» TASK DETAILS
I need the lines from the one holding "活動名: No.5 武蔵野プレイス作業所 小学生対象の見学会" to the last line of the data below repeated exactly, both included, without pictures.

» RECORDED INFORMATION
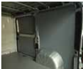
Zaštita prtljažnog prostora
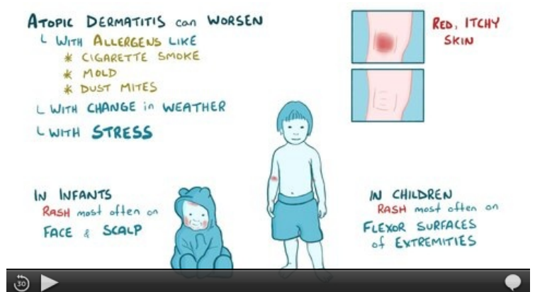
Video v angličtině, definice, patogeneze, příznaky, komplikace, léčba.

U dětí s atopickým ekzémem se uvádí prevalence potravinové alergie v různých studiích v rozmezí 20-80 %. Mezi potravinovými alergenů dominují vejce, kravské mléko, sója a pšeničná mouka. Přibližně 1/3 dětí ztrácí potravinovou alergii po 1-2 letech vyhýbání se potravinovému alergenů, záleží to však na druhu alergenů. [4]
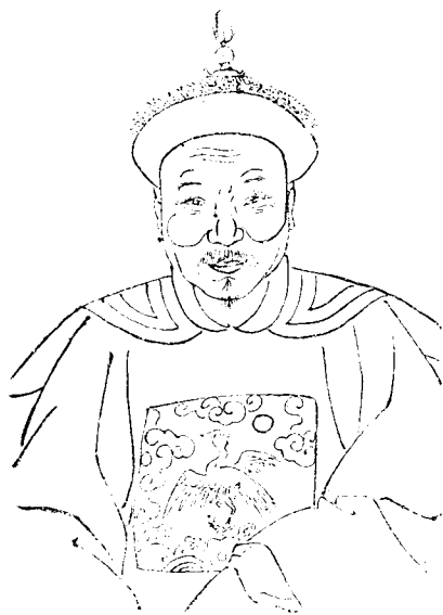
公 宸 拱
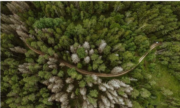
Joonis 1. Mets. (Kaasik, 2020)
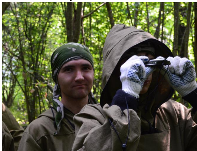
Практическая работа с компасом
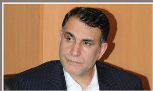
شناسایی افراد پرخطر و راه اندازی سیستم CallCenter
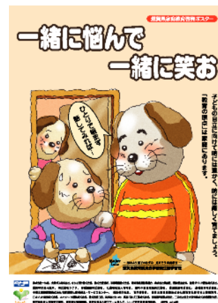
【家庭教育啓発ポスター】
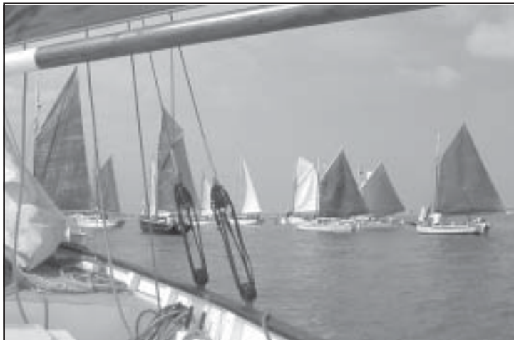
La flottille à l'ancre prête pour le départ.

Djinn et La Confiance se livrent une lutte courtoise mais acharnée, La Confiance semble prendre le meilleur sur le dernier bord de portant en tanguant son foc mais Djinn reprend l'avantage sur la ligne grâce à une meilleure vitesse sur le dernier bord de près. Il fallait déjà regagner le port où le repas des équipages préparé par Yves et son équipe nous attendait.
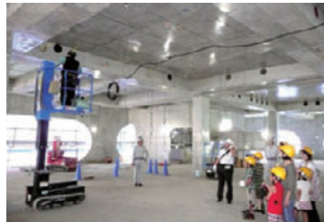
活動名: No.5 武蔵野プレイス作業所 小学生対象の見学会
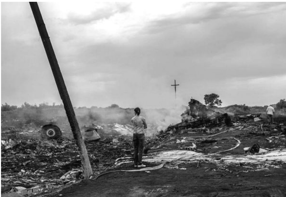
Рис. 10. Место падения малайзийского «Боинга 777» у села Грабово. Снимок с земли

Где на этих фото хоть какой-то след на дороге от удара 300 тонн? Даже бетонный столб, который легко сносит легковой автомобиль, остался целым и лишь слегка наклонился!
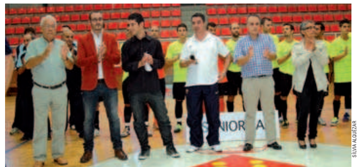
L'FS ha duplicat el nombre de jugadors. A la imatge, les autoritats i la directiva en l'acte de presentació de tots els equips
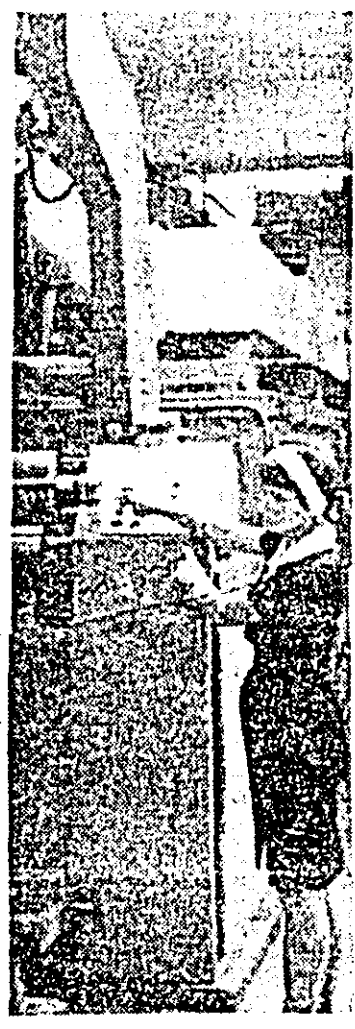
Aspect de muncă în secția (la linia) a Întreprinderii textile.

— Mai concret? — Aș dori să mă refer, cu acest prilej, la extinderea utilizării tehnologiei de sudură în mediu de bioxid de carbon, care asigură o creștere cu 33 la sută a productivității muncii, înlătură risipa de electrozi și reduce în mod substanțial consumul de energie electrică. Acest lucru a fost posibil și ca urmare a
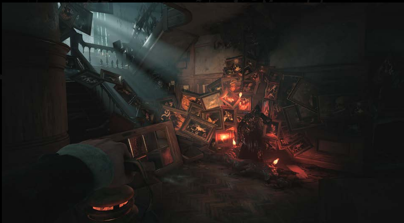
Layers of Fear
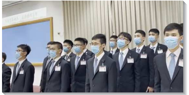
▲訓練學員唱詩展覽

接著學員分享他們蒙召參加訓練的見證，以及在訓練中所受各方面成全的蒙恩。有弟兄自問，他既願意受六年的訓練，為著成為一名工程師，為何不願意花費一到兩年，受主訓練，為著作主合用的器皿？另有姊妹見證，自己若羨慕在世人眼中不同凡響，恐怕在神眼中的價值就極其有限，但神榮耀的經綸和祂自己將她奪取，她就甘心成為被擺在壇上獻給神的燔祭，
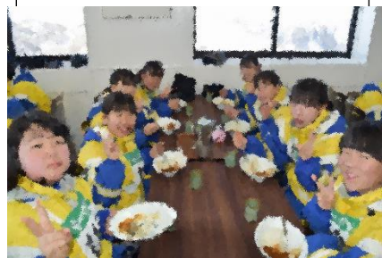
班でそろっていただきます
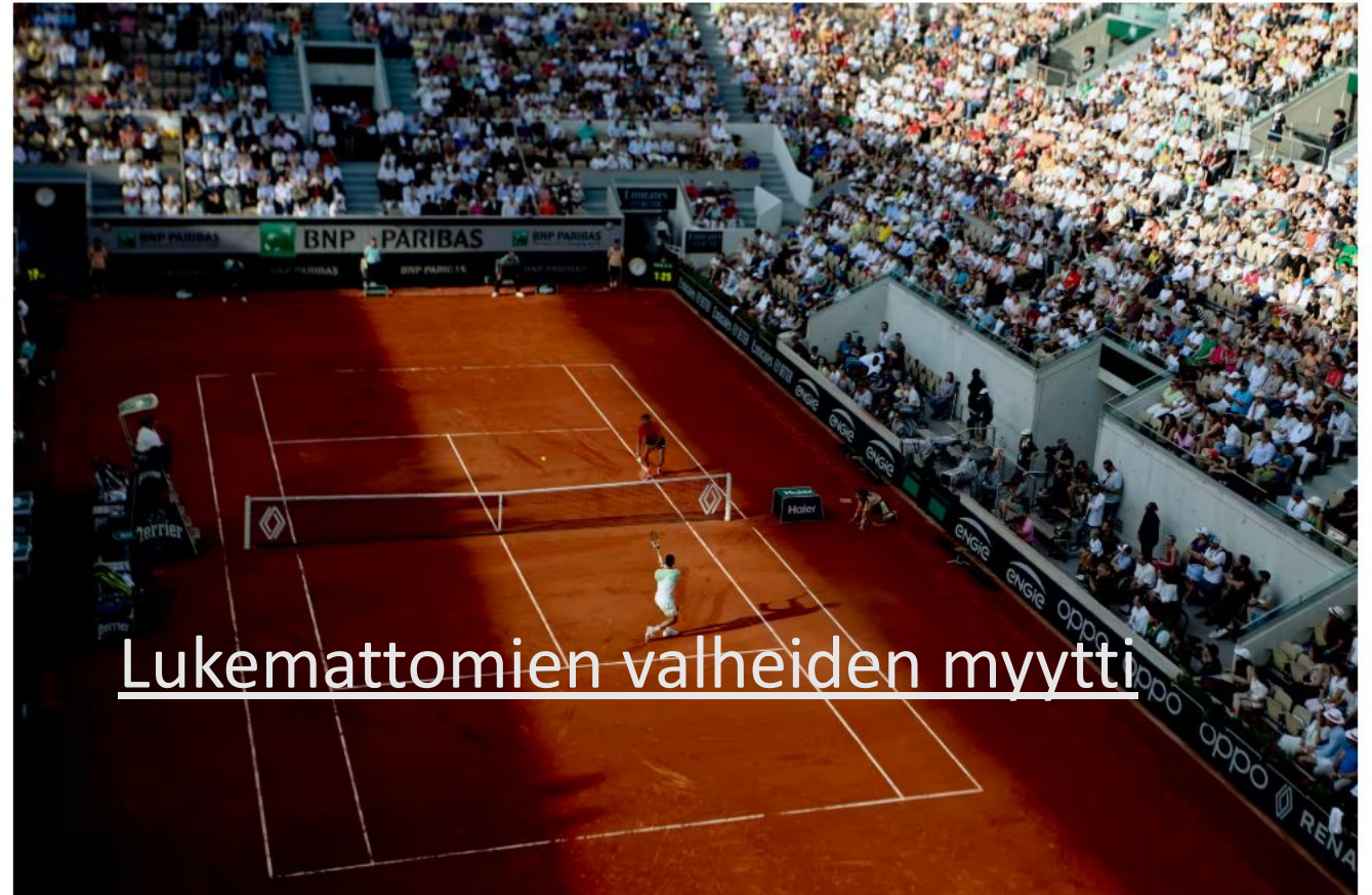
Tenniksessä liikkuu valtavasti vedonlyöntirahaa. Se on tehnyt lajista otollisen kohteen huijareille.

» RESPONSE TO THIS EXERCISE
活動名: No.5 武蔵野プレイス作業所 小学生対象の見学会
Рис. 10. Место падения малайзийского «Боинга 777» у села Грабово. Снимок с земли

Где на этих фото хоть какой-то след на дороге от удара 300 тонн? Даже бетонный столб, который легко сносит легковой автомобиль, остался целым и лишь слегка наклонился!
L'FS ha duplicat el nombre de jugadors. A la imatge, les autoritats i la directiva en l'acte de presentació de tots els equips
Aspect de muncă în secția (la linia) a Întreprinderii textile.

— Mai concret? — Aș dori să mă refer, cu acest prilej, la extinderea utilizării tehnologiei de sudură în mediu de bioxid de carbon, care asigură o creștere cu 33 la sută a productivității muncii, înlătură risipa de electrozi și reduce în mod substanțial consumul de energie electrică. Acest lucru a fost posibil și ca urmare a
Layers of Fear
▲訓練學員唱詩展覽

接著學員分享他們蒙召參加訓練的見證，以及在訓練中所受各方面成全的蒙恩。有弟兄自問，他既願意受六年的訓練，為著成為一名工程師，為何不願意花費一到兩年，受主訓練，為著作主合用的器皿？另有姊妹見證，自己若羨慕在世人眼中不同凡響，恐怕在神眼中的價值就極其有限，但神榮耀的經綸和祂自己將她奪取，她就甘心成為被擺在壇上獻給神的燔祭，
班でそろっていただきます
Tenniksessä liikkuu valtavasti vedonlyöntirahaa. Se on tehnyt lajista otollisen kohteen huijareille.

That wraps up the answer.